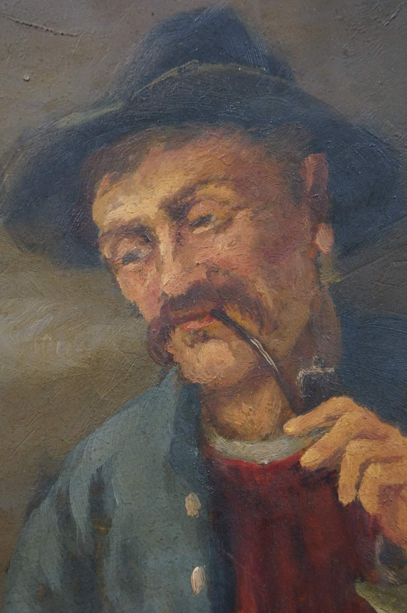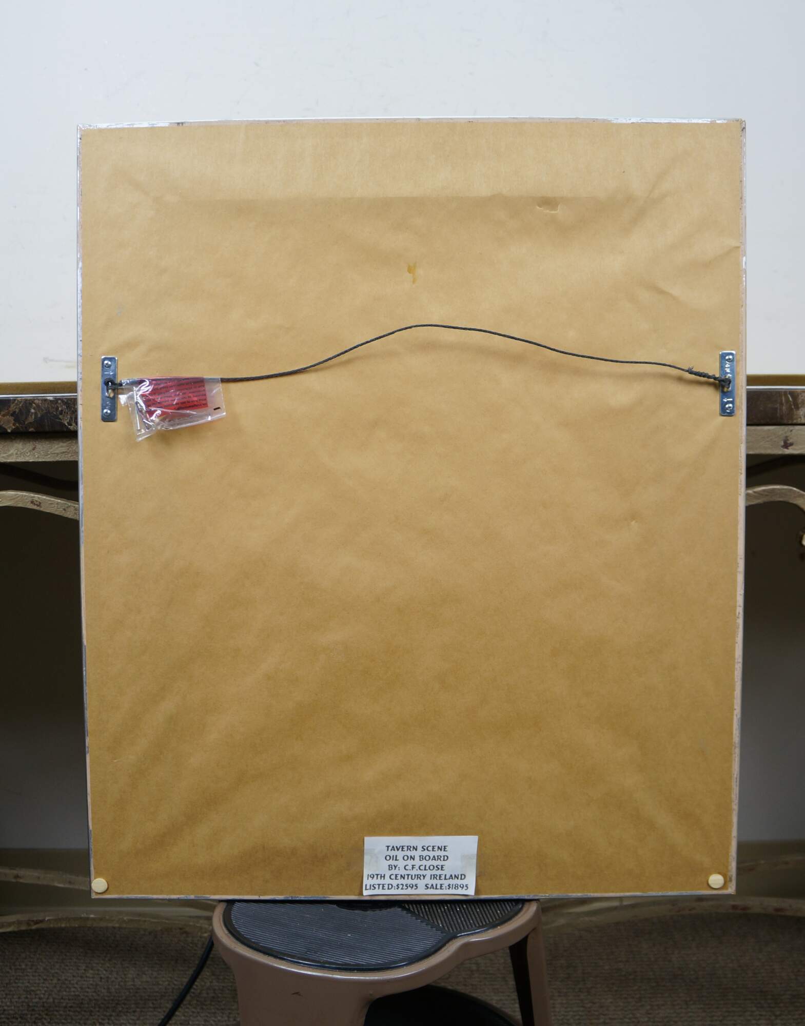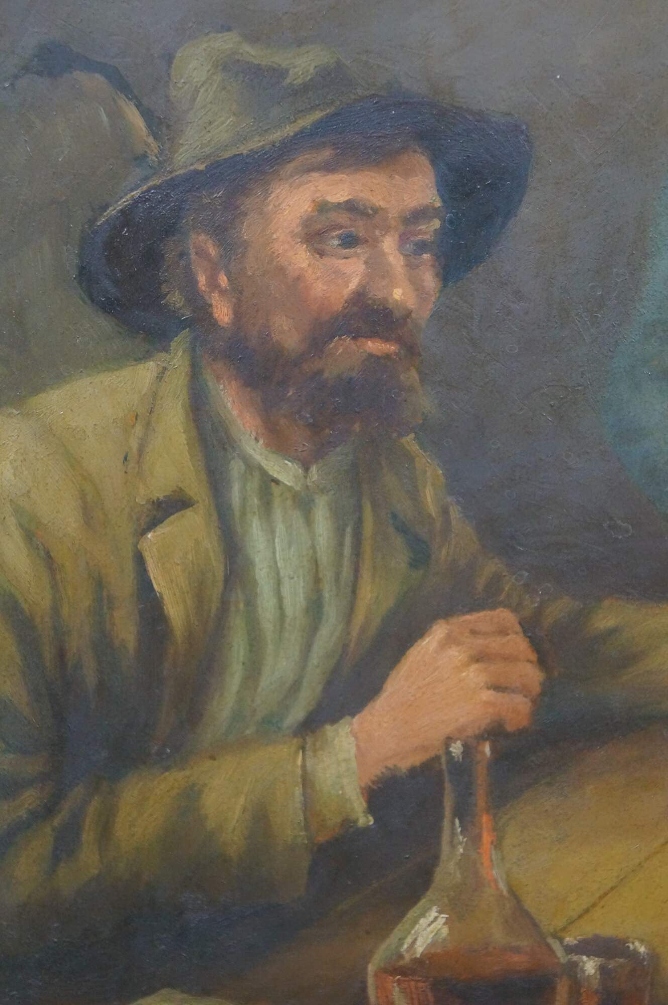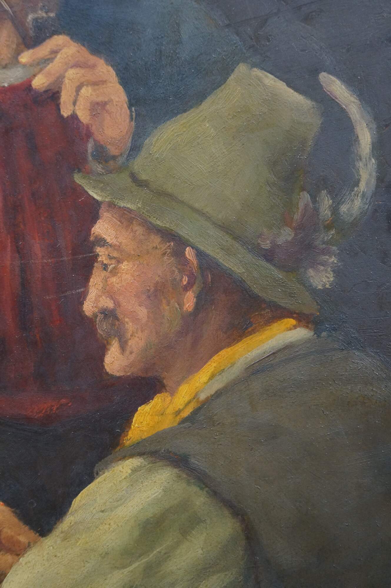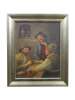 Antique oil on board painting depicting a trio of men in caps with feathers, seated at a rustic tavern table. Signed lower left. Attributed by previous seller as being by C.F. Close - 19th Century Ireland. . Beveled champagne gilt composite frame.
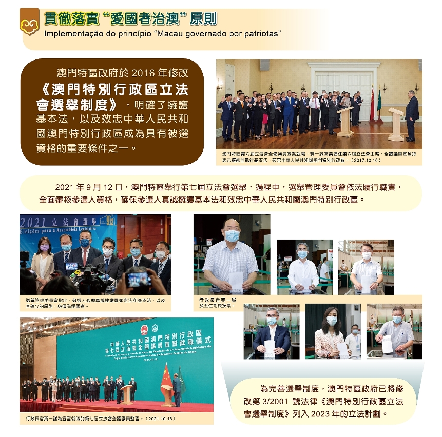 Quanto à Implementação do princípio “Macau governado por patriotas”, no decurso das eleições para a 7.ª Assembleia Legislativa de Macau, concretizou-se eficazmente este princípio. Para aperfeiçoar o regime eleitoral, o Governo da RAEM incluiu a revisão do Regime Eleitoral da Assembleia Legislativa da Região Administrativa Especial de Macau no plano legislativo de 2023.
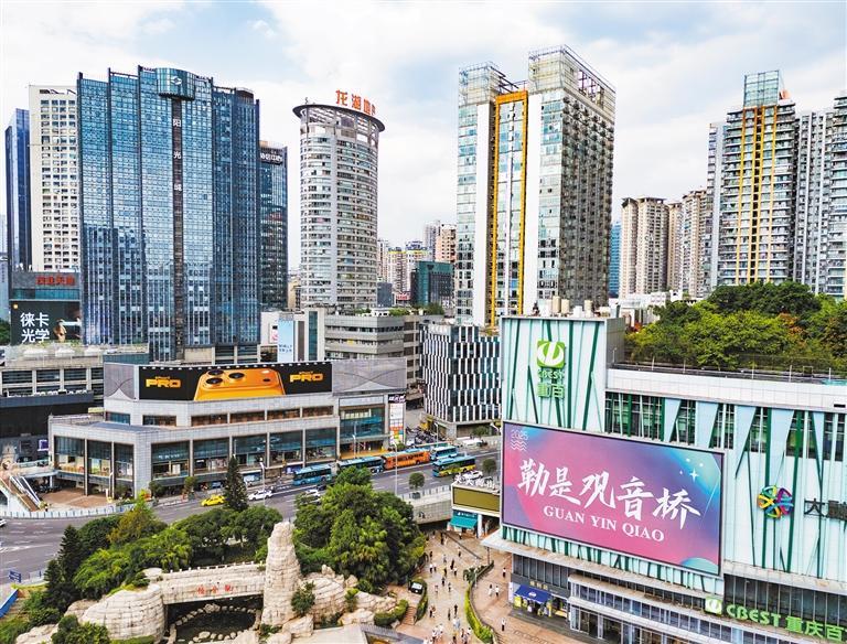 10月11日拍摄的重庆市江北区观音桥商圈。该商圈2023年入选第三批“国家级旅游休闲街区”,单日最高人流量达105万人次。

────────────────────

[Exercise directions]
Leave out the pictures and print every line of the data exactly.

[Response]
 Antique oil on board painting depicting a trio of men in caps with feathers, seated at a rustic tavern table. Signed lower left. Attributed by previous seller as being by C.F. Close - 19th Century Ireland. . Beveled champagne gilt composite frame.
 Quanto à Implementação do princípio “Macau governado por patriotas”, no decurso das eleições para a 7.ª Assembleia Legislativa de Macau, concretizou-se eficazmente este princípio. Para aperfeiçoar o regime eleitoral, o Governo da RAEM incluiu a revisão do Regime Eleitoral da Assembleia Legislativa da Região Administrativa Especial de Macau no plano legislativo de 2023.
 10月11日拍摄的重庆市江北区观音桥商圈。该商圈2023年入选第三批“国家级旅游休闲街区”,单日最高人流量达105万人次。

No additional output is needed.